◆ Activity: None of the pictures should be copied, though every line of the listing must be printed exactly.

◆ Information supplied:

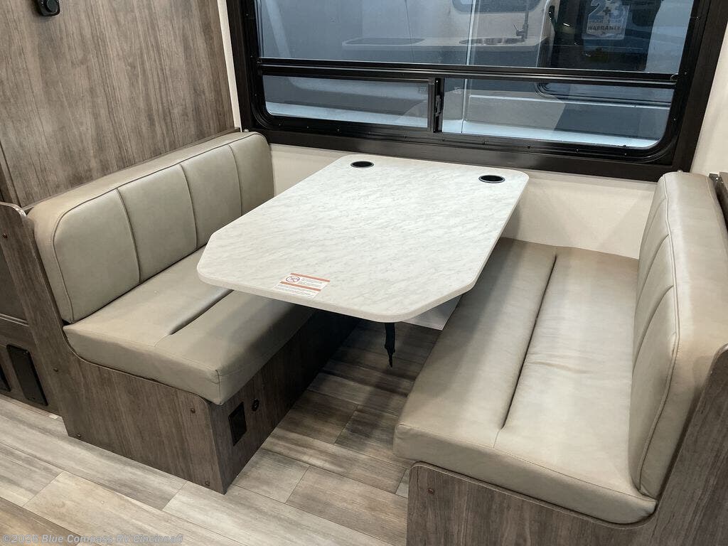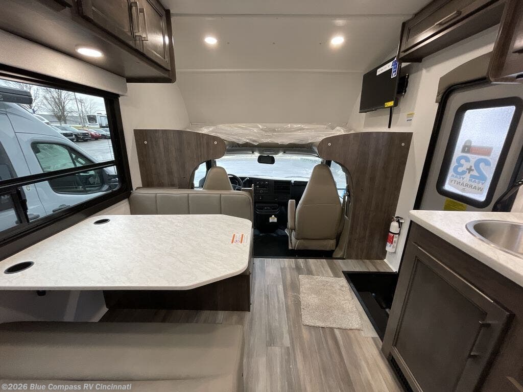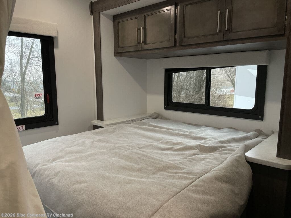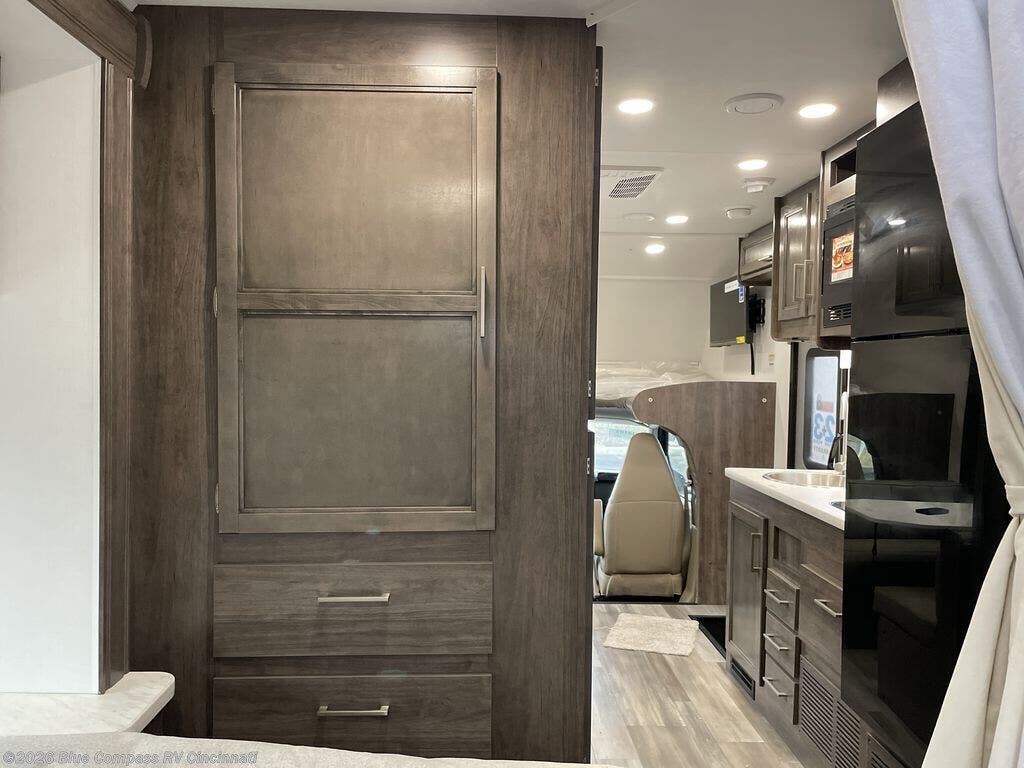 There's a comfortable place to sleep for everyone in this motorhome! From the corner 60" x 70" queen bed that slides out to the bunk over cab, and even the 42" x 70" booth dinette once converted. You can store your favorite snacks and hang up your clothes in the wardrobe/pantry. The chef can prepare delicious meals with the two burner cooktop and if there happens to be any leftovers then they can be stored in the 10 cu. ft. 12V refrigerator. The rear corner bathroom has a 24" x 36" shower that you are sure to enjoy after a long day of traveling!
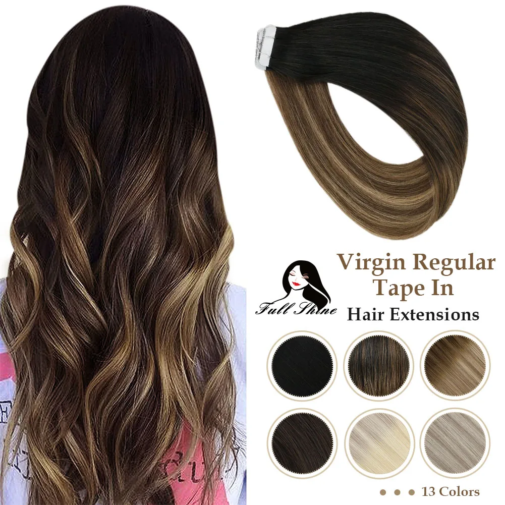 Полностью блестящие прямые человеческие волосы на ленте, натуральные волосы Remy для наращивания, Омбре, блонд, цвет, кожа, уток, 9А класс, клейкая лента
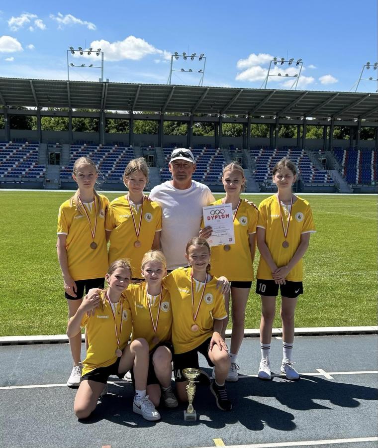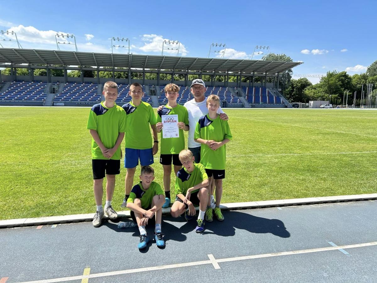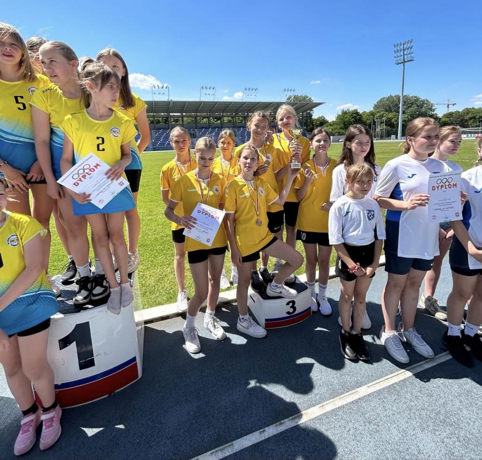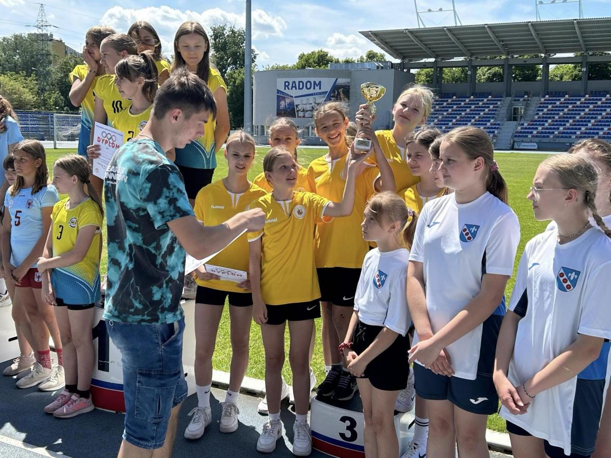 Galeria zdjęć prezentująca drużyny dziewcząt i chłopców z PSP nr 1 w Szydłowcu, które zdobyły brązowe medale i miejsce punktowane. Zawierają zdjęcia zawodniczek i zawodników oraz ich opiekuna Marka Artura Koniarczyka. Gratulujemy sukcesów i życzymy kolejnych triumfów!
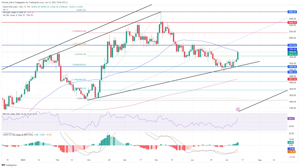 In Reaktion auf die Daten übersprang der Goldpreis die Marke von 1.950 Dollar und markierte damit den höchsten Stand seit Ende Juni. Aus technischer Sicht haben sich damit sowohl das 61,8%-Fibonacci-Retracement der vorangegangenen Aufwärtswelle bei 1.919,61 Dollar als auch die psychologisch wichtige 1.900-Dollar-Marke als Unterstützungen bewährt. Als nächste Hürde steht dem Goldpreis der GD50 bei 1.956,88 Dollar gegenüber.
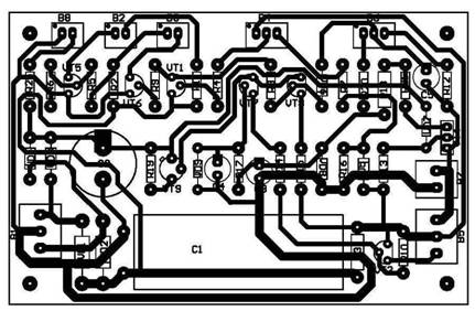 作電壓源時:將輸出端短路,調整W1使輸出電流為最大負載電流的1.2倍左右。選擇合適的接線端子,最好使負 作電流源時:將輸出端開路,調整W2使輸出電壓為最大負載電壓的1.2倍左右。短路輸出端子,調整W2使電流為所需值,接入負載即可。 作測量時:應調整電流或電壓使之符合我們的測試條件。譬如我們要測試某個0.5 W的穩壓二極管在電流等于30mA時的穩壓值,可將電流調至30mA接入二極管,電壓表的指示即是穩壓值。在測試時電壓的調整也應注意,即不能低于二極管的穩壓值,如果LED1發光說明電壓已低于二極管的穩壓值而進入穩壓態,應調整電壓使之脫離穩壓態;也不能調得太高,以防有穩壓值高的二極管時發生過載,在這里0.5/0.03=16.6V。 在使用中如果LED1和LED2同時發光則說明電源進入一種臨界狀態,這時應注意調整電壓或電流使之脫離這種狀態,只要它不是你所需要的。 右圖是印刷電路板圖,尺寸110mm×70mm。 你有意制作需要協助時,如機箱、面板、印刷電路板,以及你認為不易采購的特殊元件等,可發電子郵件至:divli@163.com,提出要求。有一定數量時,大家一齊加工,以降低成本。 已有報價,電阻1分,電解電容6分—1元,優質電路板2分5 /平房厘米,1.5毫米厚鋁面板5分/平方厘米。 |

◆ Response to the exercise:
 There's a comfortable place to sleep for everyone in this motorhome! From the corner 60" x 70" queen bed that slides out to the bunk over cab, and even the 42" x 70" booth dinette once converted. You can store your favorite snacks and hang up your clothes in the wardrobe/pantry. The chef can prepare delicious meals with the two burner cooktop and if there happens to be any leftovers then they can be stored in the 10 cu. ft. 12V refrigerator. The rear corner bathroom has a 24" x 36" shower that you are sure to enjoy after a long day of traveling!
 Полностью блестящие прямые человеческие волосы на ленте, натуральные волосы Remy для наращивания, Омбре, блонд, цвет, кожа, уток, 9А класс, клейкая лента
 Galeria zdjęć prezentująca drużyny dziewcząt i chłopców z PSP nr 1 w Szydłowcu, które zdobyły brązowe medale i miejsce punktowane. Zawierają zdjęcia zawodniczek i zawodników oraz ich opiekuna Marka Artura Koniarczyka. Gratulujemy sukcesów i życzymy kolejnych triumfów!
 In Reaktion auf die Daten übersprang der Goldpreis die Marke von 1.950 Dollar und markierte damit den höchsten Stand seit Ende Juni. Aus technischer Sicht haben sich damit sowohl das 61,8%-Fibonacci-Retracement der vorangegangenen Aufwärtswelle bei 1.919,61 Dollar als auch die psychologisch wichtige 1.900-Dollar-Marke als Unterstützungen bewährt. Als nächste Hürde steht dem Goldpreis der GD50 bei 1.956,88 Dollar gegenüber.
 作電壓源時:將輸出端短路,調整W1使輸出電流為最大負載電流的1.2倍左右。選擇合適的接線端子,最好使負 作電流源時:將輸出端開路,調整W2使輸出電壓為最大負載電壓的1.2倍左右。短路輸出端子,調整W2使電流為所需值,接入負載即可。 作測量時:應調整電流或電壓使之符合我們的測試條件。譬如我們要測試某個0.5 W的穩壓二極管在電流等于30mA時的穩壓值,可將電流調至30mA接入二極管,電壓表的指示即是穩壓值。在測試時電壓的調整也應注意,即不能低于二極管的穩壓值,如果LED1發光說明電壓已低于二極管的穩壓值而進入穩壓態,應調整電壓使之脫離穩壓態;也不能調得太高,以防有穩壓值高的二極管時發生過載,在這里0.5/0.03=16.6V。 在使用中如果LED1和LED2同時發光則說明電源進入一種臨界狀態,這時應注意調整電壓或電流使之脫離這種狀態,只要它不是你所需要的。 右圖是印刷電路板圖,尺寸110mm×70mm。 你有意制作需要協助時,如機箱、面板、印刷電路板,以及你認為不易采購的特殊元件等,可發電子郵件至:divli@163.com,提出要求。有一定數量時,大家一齊加工,以降低成本。 已有報價,電阻1分,電解電容6分—1元,優質電路板2分5 /平房厘米,1.5毫米厚鋁面板5分/平方厘米。 |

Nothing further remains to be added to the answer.